Ballam soon met with businessman-philanthropist Larry H. Miller and his wife Gail. The Millers made the initial donation to purchase the building for the UFOC.
But the purchase was likely the simplest part of the revitalization efforts according to Jim Roberts, superintendent for Raymond Construction, who has been at work on the project from the beginning. “It was still operating as a theater. They were showing old movies, but the building was in rough shape,” Roberts said.

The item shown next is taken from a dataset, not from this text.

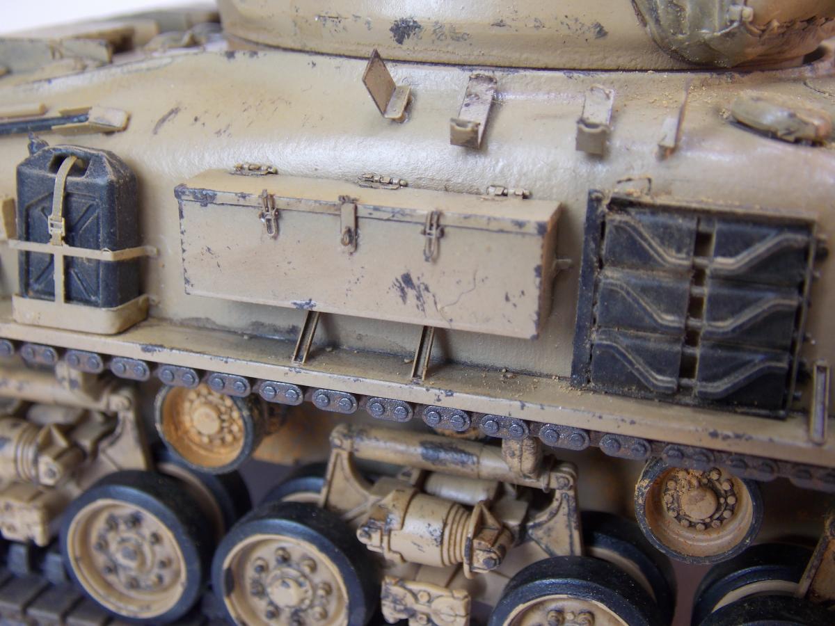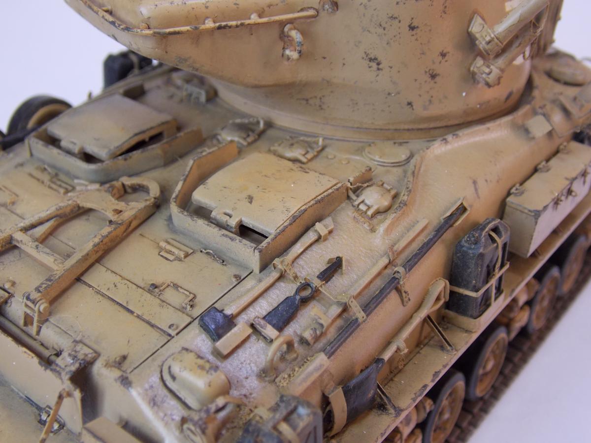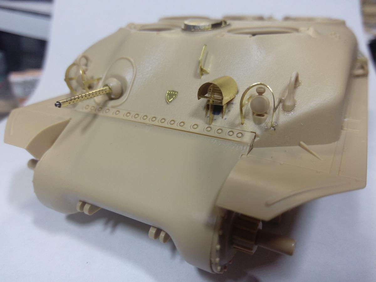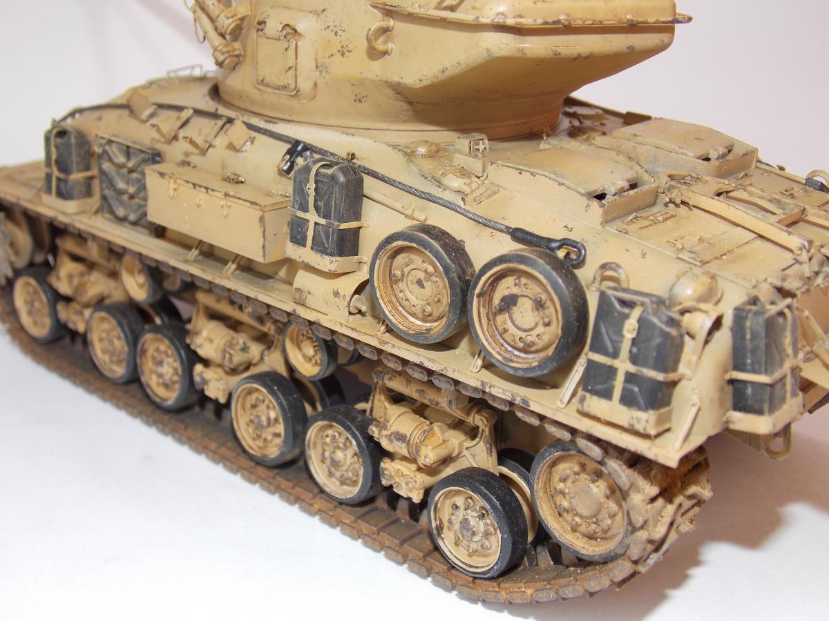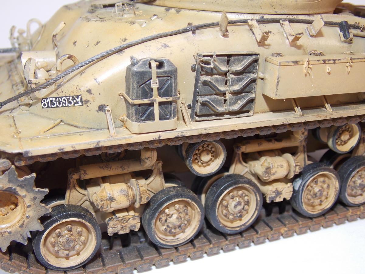 Представляю модель танка М51 Супершерман, в игре он представлен как французский Revolise. «Шерман M-51» (также известен под наименованием M51HV «Super Sherman» или «Isherman» — Israeli Sherman) — израильская модификация американского среднего танка M4 «Шерман».Танк был разработан в 1962 году, всего было изготовлено более 200 шт. Отличается установкой нового, более мощного орудия (укороченной модификации 105-мм французского танкового орудия CN-105-F1); дизельного двигателя Cummins VT8-460; горизонтальной подвески HVSS; автоматической трансмиссии; 23-дюймовых гусениц; наличием увеличенной кормовой ниши, приваренной к корме башни.К лету 1964 года модернизацию до уровня M-51 прошли 90 «шерманов», а к началу Шестидневной войны в 1967 году Армия обороны Израиля располагала 515 исправными танками «шерман» всех модификаций, из них на M-51 пришлось 177 единиц.В 1973 году Израиль имел 340 M-51.Tанки находились на вооружении по меньшей мере до 1981 года[4], затем были переведены в резервные части, а потом по большей части списаны и распроданы.Около 150 шт. танков M51 было продано в Чили (где использовались до середины 1990-х годов), ещё несколько десятков было передано в Ливан, незначительное количество — в Аргентину, Никарагуа, Уганду. За основу взята модель Тамиии и травление от Вояджер. Окраска новыми для меня АК реал колор.

Ballam continued raising money and working with adjacent property owners, and renovations moved along as funding permitted. Eventually the stage was expanded to the east, west and south. The neighboring building was purchased and converted, featuring a new lobby, restrooms and dressing rooms and topped with an open air café. A fly-loft was added to the building, allowing quick scenery changes and rigging for “flying” performers.
But creating a space for the showpiece Wurlitzer organ proved the greatest challenge. The familiar, multi-tiered keyboard is only a small part of the instrument. The pipes, some 16-feet tall, pneumatic drums, cymbals and chimes and the massive blower that powers them all had to reside under the stage. While digging under the theater to make space for the organ components, crews hit a groundwater aquifer.
“The ground just turned to quicksand,” said Roberts. “As quick as we could scoop out dirt and water, it would just fill up again.” So the work came to a halt and water was pumped out while engineers worked on a solution. Eventually a chamber for the organ was created, using rocks to stabilize the ground and concrete that could cure underwater. Upstairs in the theater, historic art deco moldings were repaired and replaced, and the walls fitted with retractable curtains to control acoustics. Ballam brought in an Italian craftsman to repaint details in the original Florentine style.
“His name is Nino DeRobertis, and he’s one of the few artists left who paint in this style. He’d never been out of Italy for more than two days in his whole life, but he volunteered to come to little Logan, Utah and do this for us.”
UFOC managing director Gary Griffin says he doesn’t see a third performance space in a small city like Logan as too much of a good thing.
“We want to make Logan a destination for the arts. We’ll have three beautiful theaters within a few hundred feet of each other,” Griffin said. “We’ll have a wide variety of things from movies to plays to live musical performance and operas, all in this one area of town.”
Ballam says that thanks to about $11.5 million in donations over the last eight years, completion is in sight and he anticipates opening the new 330-seat Utah Theatre this spring in time for UFOC’s 2016 season.